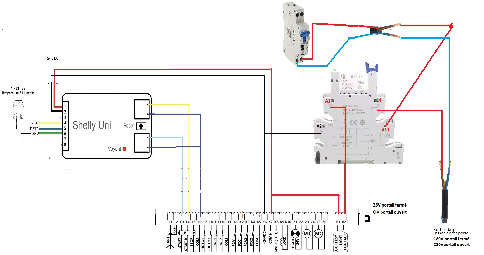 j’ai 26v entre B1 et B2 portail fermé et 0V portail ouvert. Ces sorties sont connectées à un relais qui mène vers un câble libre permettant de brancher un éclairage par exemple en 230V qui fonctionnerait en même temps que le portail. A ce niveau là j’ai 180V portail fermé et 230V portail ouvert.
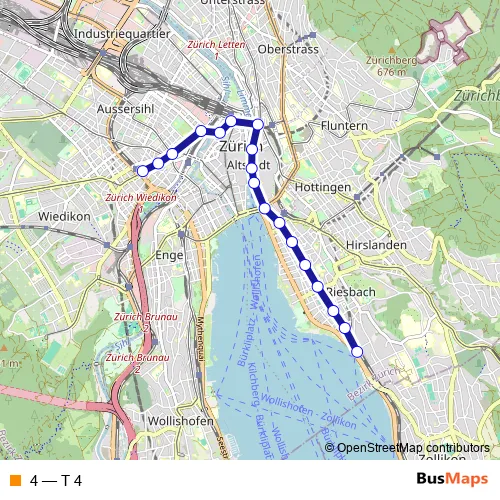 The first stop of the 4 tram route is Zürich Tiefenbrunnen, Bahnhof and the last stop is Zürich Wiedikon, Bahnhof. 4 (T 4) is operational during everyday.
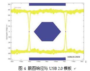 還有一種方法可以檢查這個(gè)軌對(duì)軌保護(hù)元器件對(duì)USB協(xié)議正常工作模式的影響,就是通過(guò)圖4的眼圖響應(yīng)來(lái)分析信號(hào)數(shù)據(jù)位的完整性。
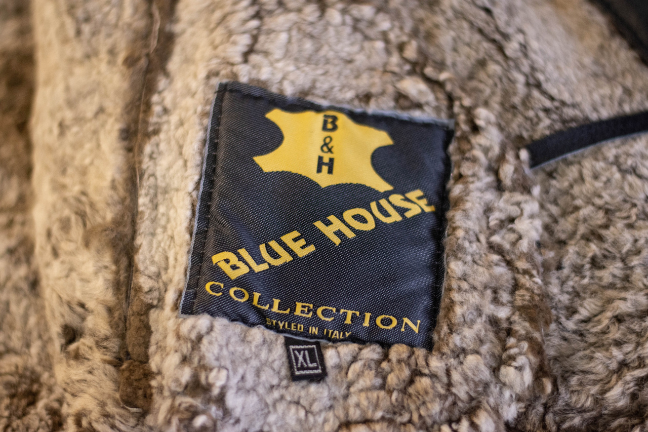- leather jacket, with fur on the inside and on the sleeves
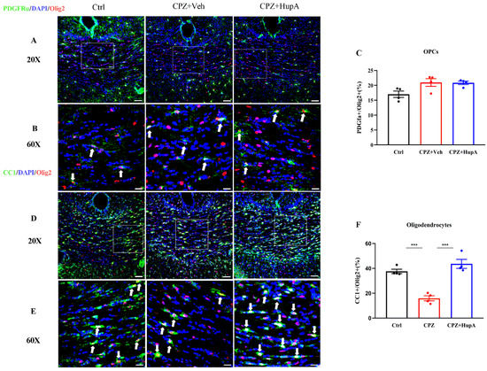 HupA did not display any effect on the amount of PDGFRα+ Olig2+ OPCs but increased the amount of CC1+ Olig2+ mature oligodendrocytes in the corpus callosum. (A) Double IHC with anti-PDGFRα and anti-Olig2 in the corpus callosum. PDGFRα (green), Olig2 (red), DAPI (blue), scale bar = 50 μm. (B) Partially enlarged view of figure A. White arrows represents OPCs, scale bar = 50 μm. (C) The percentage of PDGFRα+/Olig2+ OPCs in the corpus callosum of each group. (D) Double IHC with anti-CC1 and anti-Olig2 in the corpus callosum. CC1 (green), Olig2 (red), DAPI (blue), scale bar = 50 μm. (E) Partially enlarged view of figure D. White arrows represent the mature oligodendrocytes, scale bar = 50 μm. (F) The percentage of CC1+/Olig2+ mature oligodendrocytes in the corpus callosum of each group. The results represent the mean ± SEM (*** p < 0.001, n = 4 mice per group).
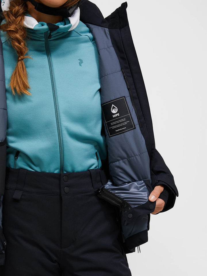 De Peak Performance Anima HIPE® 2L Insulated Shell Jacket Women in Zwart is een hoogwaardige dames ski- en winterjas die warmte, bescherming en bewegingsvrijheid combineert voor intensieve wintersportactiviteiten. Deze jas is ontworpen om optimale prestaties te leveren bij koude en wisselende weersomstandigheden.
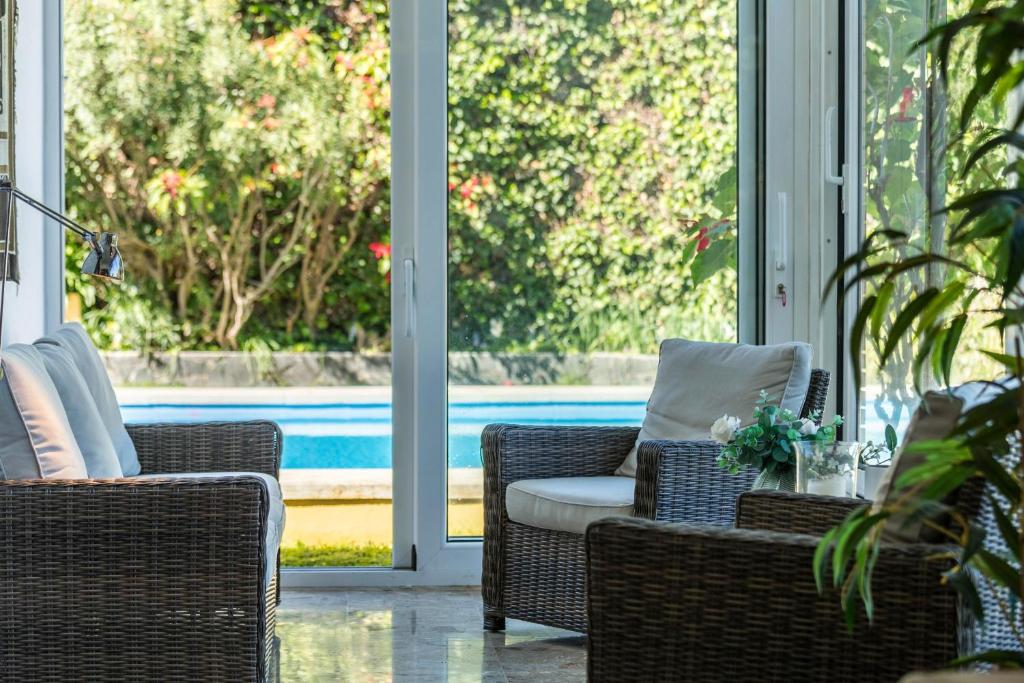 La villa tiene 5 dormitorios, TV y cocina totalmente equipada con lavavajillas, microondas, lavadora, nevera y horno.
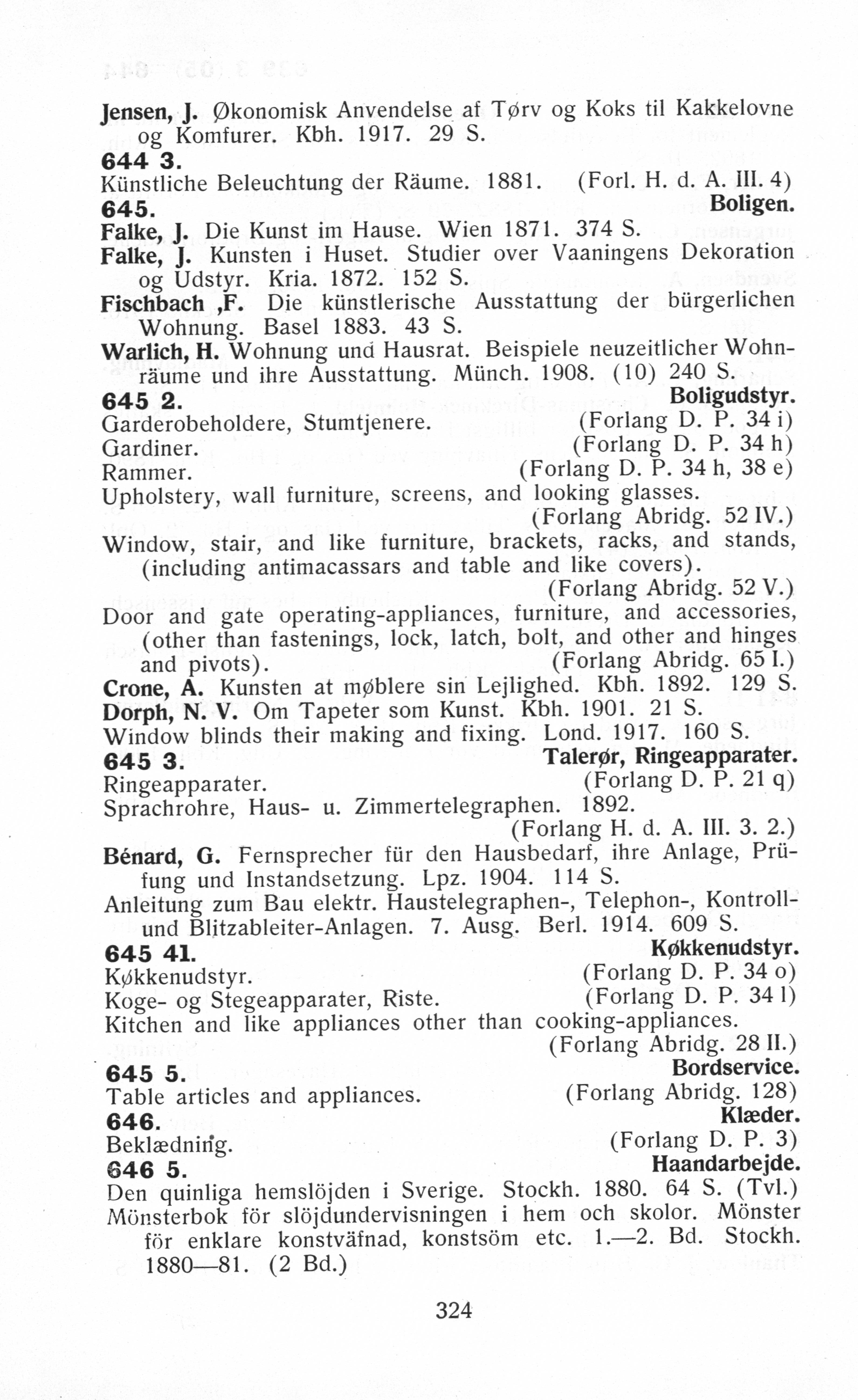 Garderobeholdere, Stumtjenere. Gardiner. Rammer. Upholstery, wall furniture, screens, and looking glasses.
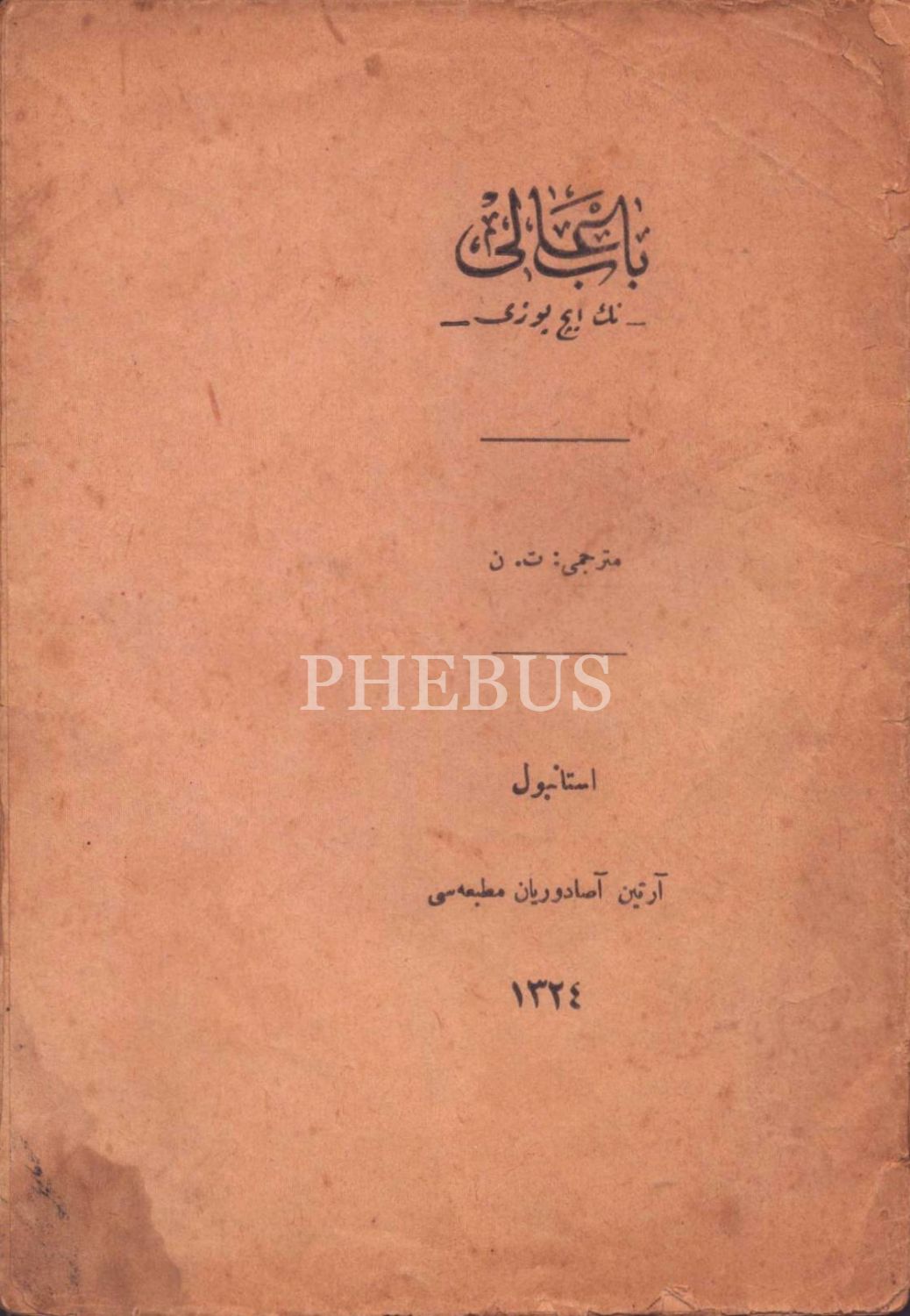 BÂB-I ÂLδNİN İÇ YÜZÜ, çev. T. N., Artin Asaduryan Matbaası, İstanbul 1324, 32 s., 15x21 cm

+++

Directions for this task = Please return every record above exactly, but leave out the pictures.

Output for this task =
 j’ai 26v entre B1 et B2 portail fermé et 0V portail ouvert. Ces sorties sont connectées à un relais qui mène vers un câble libre permettant de brancher un éclairage par exemple en 230V qui fonctionnerait en même temps que le portail. A ce niveau là j’ai 180V portail fermé et 230V portail ouvert.
 The first stop of the 4 tram route is Zürich Tiefenbrunnen, Bahnhof and the last stop is Zürich Wiedikon, Bahnhof. 4 (T 4) is operational during everyday.
 還有一種方法可以檢查這個(gè)軌對(duì)軌保護(hù)元器件對(duì)USB協(xié)議正常工作模式的影響,就是通過(guò)圖4的眼圖響應(yīng)來(lái)分析信號(hào)數(shù)據(jù)位的完整性。
- leather jacket, with fur on the inside and on the sleeves
 HupA did not display any effect on the amount of PDGFRα+ Olig2+ OPCs but increased the amount of CC1+ Olig2+ mature oligodendrocytes in the corpus callosum. (A) Double IHC with anti-PDGFRα and anti-Olig2 in the corpus callosum. PDGFRα (green), Olig2 (red), DAPI (blue), scale bar = 50 μm. (B) Partially enlarged view of figure A. White arrows represents OPCs, scale bar = 50 μm. (C) The percentage of PDGFRα+/Olig2+ OPCs in the corpus callosum of each group. (D) Double IHC with anti-CC1 and anti-Olig2 in the corpus callosum. CC1 (green), Olig2 (red), DAPI (blue), scale bar = 50 μm. (E) Partially enlarged view of figure D. White arrows represent the mature oligodendrocytes, scale bar = 50 μm. (F) The percentage of CC1+/Olig2+ mature oligodendrocytes in the corpus callosum of each group. The results represent the mean ± SEM (*** p < 0.001, n = 4 mice per group).
 De Peak Performance Anima HIPE® 2L Insulated Shell Jacket Women in Zwart is een hoogwaardige dames ski- en winterjas die warmte, bescherming en bewegingsvrijheid combineert voor intensieve wintersportactiviteiten. Deze jas is ontworpen om optimale prestaties te leveren bij koude en wisselende weersomstandigheden.
 La villa tiene 5 dormitorios, TV y cocina totalmente equipada con lavavajillas, microondas, lavadora, nevera y horno.
 Garderobeholdere, Stumtjenere. Gardiner. Rammer. Upholstery, wall furniture, screens, and looking glasses.
 BÂB-I ÂLδNİN İÇ YÜZÜ, çev. T. N., Artin Asaduryan Matbaası, İstanbul 1324, 32 s., 15x21 cm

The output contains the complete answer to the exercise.